The rapid development of new CMBs after mechanical thrombectomy in our study was consistent with recent studies of IV tPA or antiplatelet therapy for acute ischemic stroke. New CMBs developed in 13% of acute ischemic stroke patients within 1 week of stroke onset.[13] Two studies reported that approximately 5% of patients with acute stroke had new CMBs after IV tPA therapy within 24 h after treatment.[14,15] New CMBs could also occur shortly in 8% of patients after carotid artery stenting.[18] The development of CMBs was attributable to blood–brain barrier (BBB) disruption and small arteries or arteriole rupture.[4,5] Sudden reperfusion and hemodynamic changes after mechanical thrombectomy could aggravate the BBB disruption. Some of the new CMBs were located in the insular regions and could be related to traction injury and rupture of small perforating arterioles during mechanical thrombectomy. The latter 2 mechanisms could explain the higher rate of new CMBs in IV tPA plus mechanical thrombectomy patients in this study than IV tPA alone patients in previous studies. The rate of new CMBs shortly after thrombectomy would take more than 5 years for a general population of elderly patients to accumulate.[10]

In our study, only baseline CMBs suggested increased risks of developing new CMBs after either thrombectomy or IV tPA followed by thrombectomy. The association of baseline CMBs with new CMBs was consistent with the results in recent studies of IV tPA.[14,15] Several studies found that other factors such as baseline WMH, vascular risk factors, systolic blood pressure as predictors of new CMBs.[24-30] Our data show periventricular WMH rather than deep WMH was associated with new CMBs after mechanical thrombectomy.

The finding that new CMBs were irrelevant to intracranial hemorrhage after mechanical thrombectomy in our study was supported by a recent IV tPA study. In that series of 121 acute stroke patients, new CMBs was associated with neither any HT nor symptomatic hemorrhage after IV tPA therapy.[15] In another series of 224 acute stroke patients, patients with new CMBs had an increased risk of symptomatic hemorrhage after IV tPA therapy.[14]

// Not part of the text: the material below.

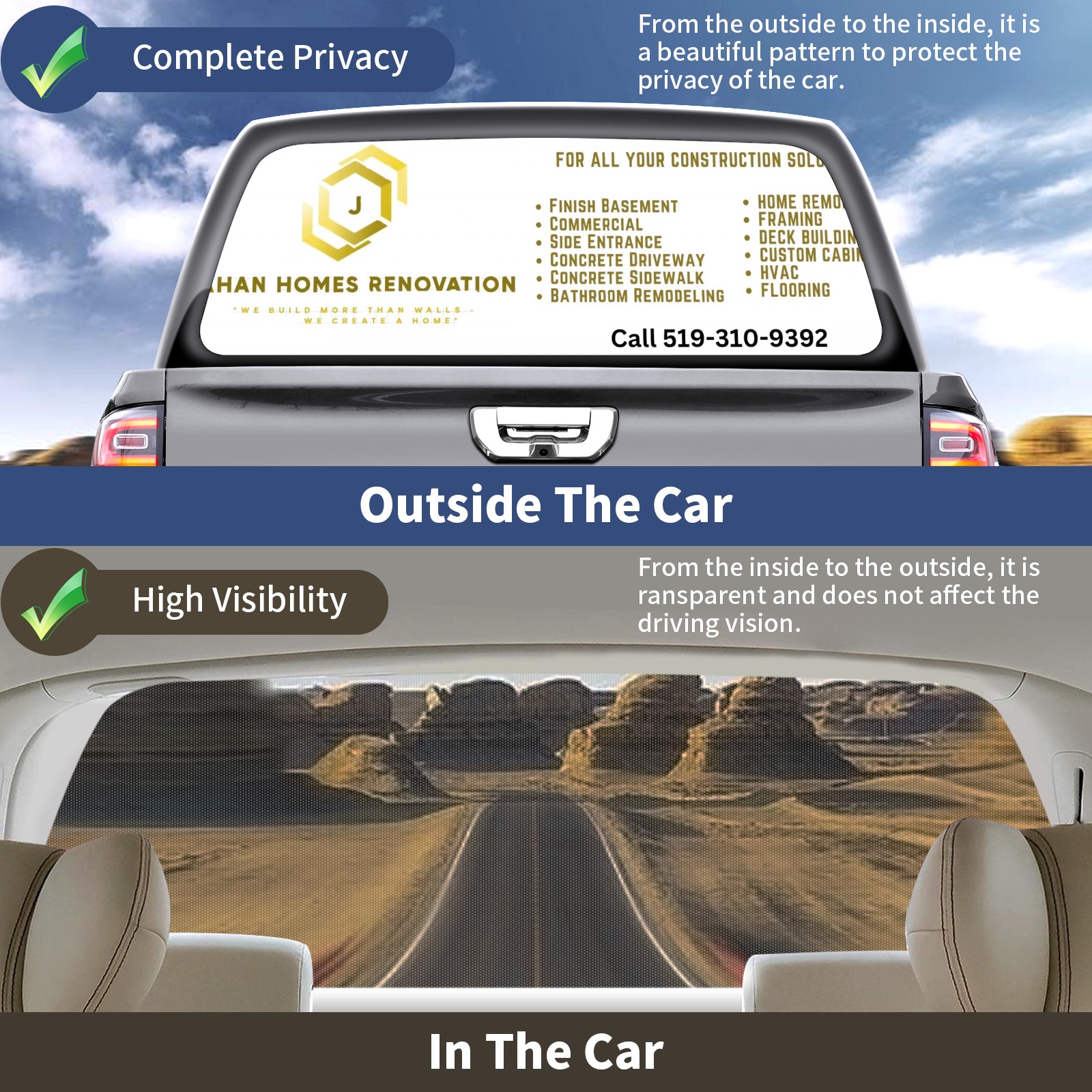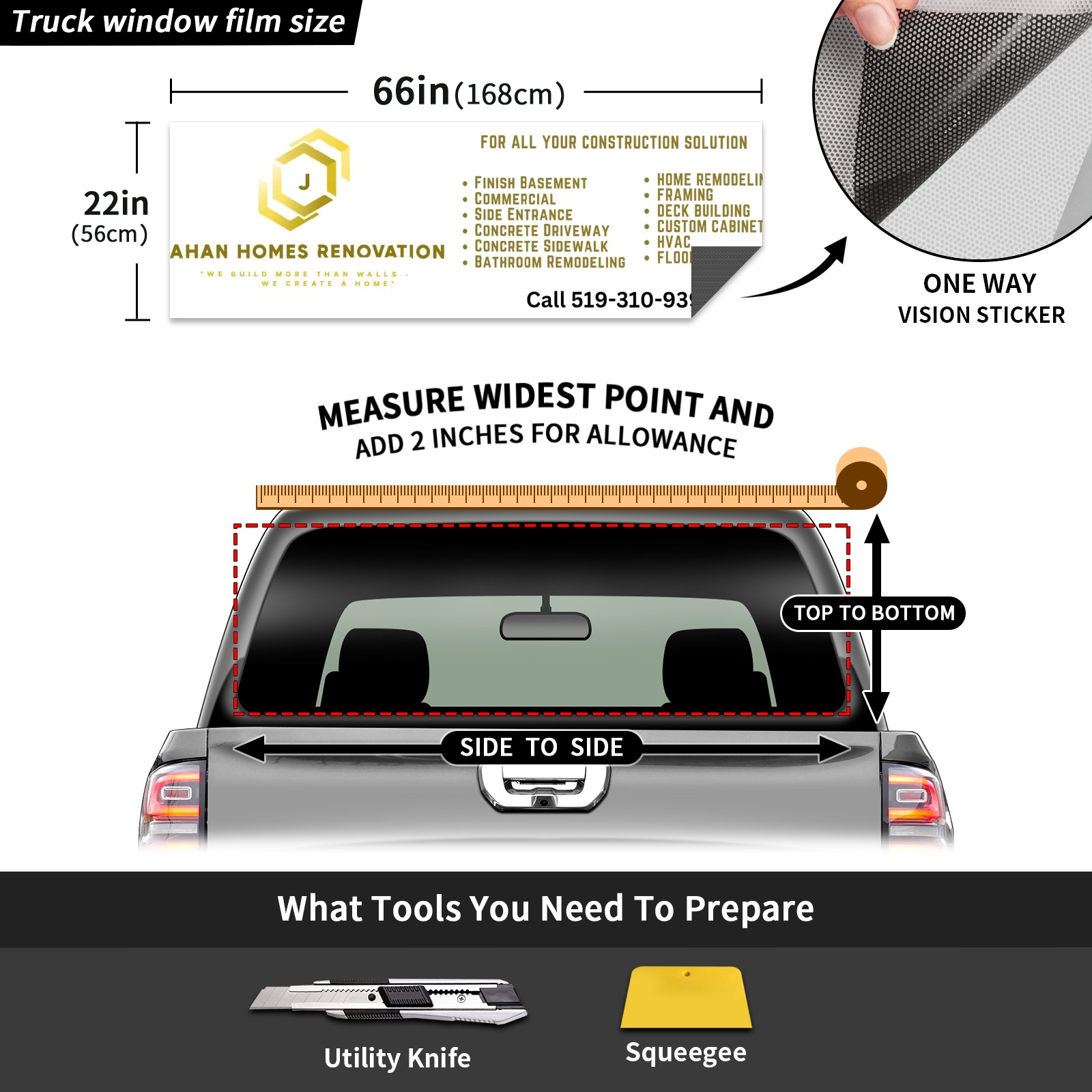 65x18 英寸 Custom Rear Window Graphic Decals for Trucks Personalized Pickup Car Window Stickers 66" x 22" Truck Back Window Perforated Vinyl Window Film Decal Design Your Own Back Window Graphic

Our study had limitations. The data were collected using GRE sequence, which was typically acquired using 5 mm slices. Some of new CMBs could thus be present but missed on the pretreatment study due to partial volume averaging. Susceptibility-weighted imaging sequences on a 3.0T MR scanner would be superior to GRE sequences on sensitivity and reliability of CMBs detection.[31] In addition, most of the patients in this study were treated with old generation of mechanical thrombectomy devices, which had significantly more traction of the vascular tree and longer procedure time than the current stent retriever devices. In our cohort, the rate of new CMBs was not significantly differences in patients treated with stent retriever than in those treated with old generation of thrombectomy devices (17.6% [3 of 17] vs 22.4% [38 of 170]; P = 0.77). It would be interesting to see if gentler manipulation of the vascular tree and shorter procedure time could reduce the number of CMBs after procedure in a larger prospective study.

CONCLUSIONS

Our findings showed that new CMBs were common after mechanical thrombectomy in one-fifth of patients with acute stroke. Baseline CMBs before thrombectomy was associated with increased risks of new CMBs in patients treated with either thrombectomy or IV thrombolysis followed by thrombectomy. Patients with new CMBs after thrombectomy did not increase the risk of hemorrhage and poor outcome.